Heatmap of Nutrient components

Now once our data is clean and correlations are handled lets move to next step i.e. ‘The Modelling’.


What is Clustering ?

Cluster is a task of grouping a set of objects in such a way that objects in same group (cluster) are more similar (in some sense) to each other than to those in another groups (cluster). Its a main task of exploratory data mining, and a common technique for statistical data analysis used in many fields, including machine learning, pattern recognition, image analysis, information retrieval, bioinformatics, data compression and computer graphics.
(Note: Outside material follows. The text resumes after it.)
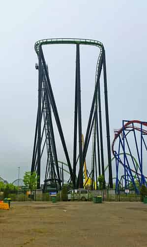 The diving loop leads into a high banked turnaround, and then an inclined loop.

Its an Unsupervised Learning, as we don’t provide any labels to data and we are trying to divide data into subgroups based on features provided.
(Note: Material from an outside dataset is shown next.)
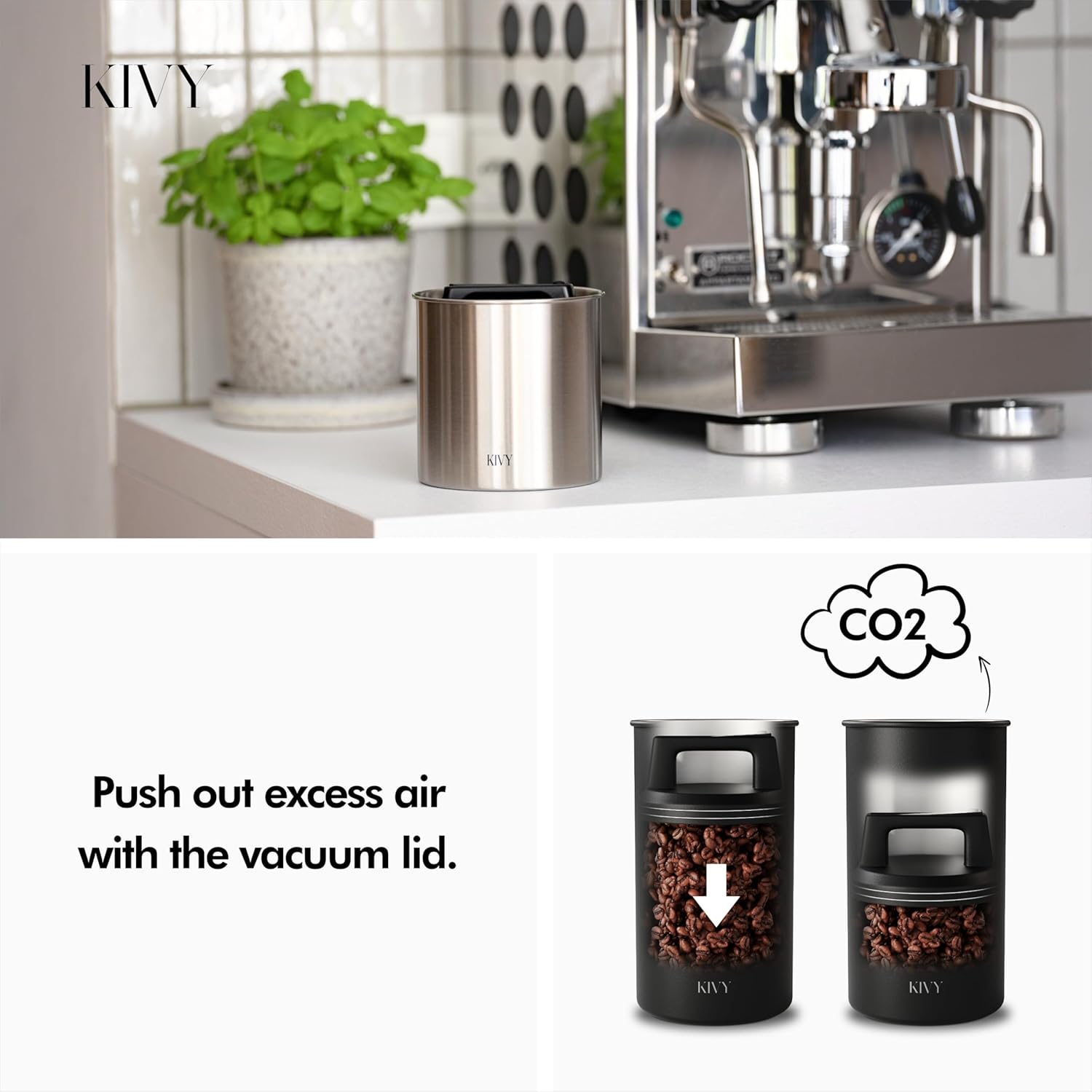 KIVY Vacuum Seal Coffee Canister [AIRTIGHT] - Coffee Canister with Airtight Lid - Airtight Jar - Air Tight Coffee Container - Coffee Storage Vacuum Canister (Stainless Steel)

What is K-means Clustering

K-Means is a centroid based algorithm, or a distance based algorithm, where we calculate distances to assign a point to cluster. In K-Means, each cluster is associated with a centroid. It tries to make intra-cluster datapoints as similar as possible while keeping the cluster as far as possible.

It involves following steps:

We can assess the quality of clustering by adding the variation within each cluster. Since, KMeans clustering can’t see the best clustering, its only option is to keep track of clusters, and their total variance. And do the whole thing over again with different starting points.
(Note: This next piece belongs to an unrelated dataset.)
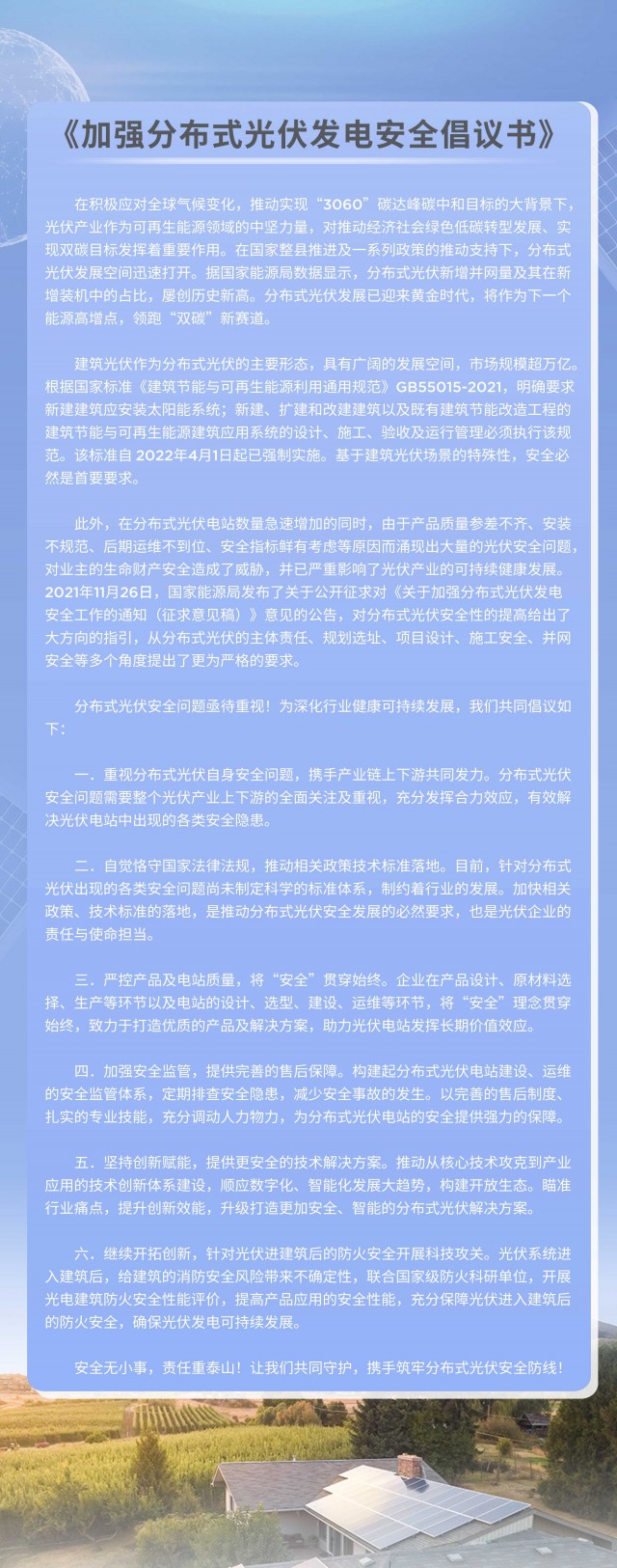 前不久,昱能科技聯(lián)合中國建筑科學(xué)研究院防火研究所、華為數(shù)字能源、優(yōu)得運維、固德威、史陶比爾、杭州龍焱、武漢日新等8家單位,共同發(fā)起了行業(yè)首個關(guān)于分布式光伏發(fā)電安全倡議及發(fā)布了《加強分布式光伏發(fā)電安全倡議書》,號召行業(yè)聚焦光伏安全問題。從《倡議書》內(nèi)容看,除了強調(diào)遵守相關(guān)法律法規(guī),重視安全問題以外,還需要光伏企業(yè)在產(chǎn)品設(shè)計、原材料選擇、生產(chǎn)等環(huán)節(jié)以及電站的設(shè)計、選型、建設(shè)、運維等環(huán)節(jié),將“安全”理念貫穿始終,致力于打造優(yōu)質(zhì)的產(chǎn)品及解決方案。

Since, KMeans rely heavily on the distance its very important for our features to be scaled with mean around zero and with unit standard deviation. And the best feature scaling technique we can use in this case is Standardisation.

The next question is what should be the value of k ?

For this we will use what is called Elbow curve method. It gives good idea what k value should be based on Sum of Squared distance. We pick k at the spot where SSE starts to flatten out and forming an elbow.

Elbow Curve

we get the above curve. From this we can say that optimal cluster and value of K should be around 4.

Analysis of clustering

We are using Silhouette Analysis to understand the performance of our clustering. This can be performed to determine the degree of separation between clusters. For example:

  • Compute the average distance from all data points in the same cluster (ai).
  • Compute the average distance from all data points in the closest cluster (bi).
  • Compute the coefficient:

The coefficient can take values in the interval [-1, 1].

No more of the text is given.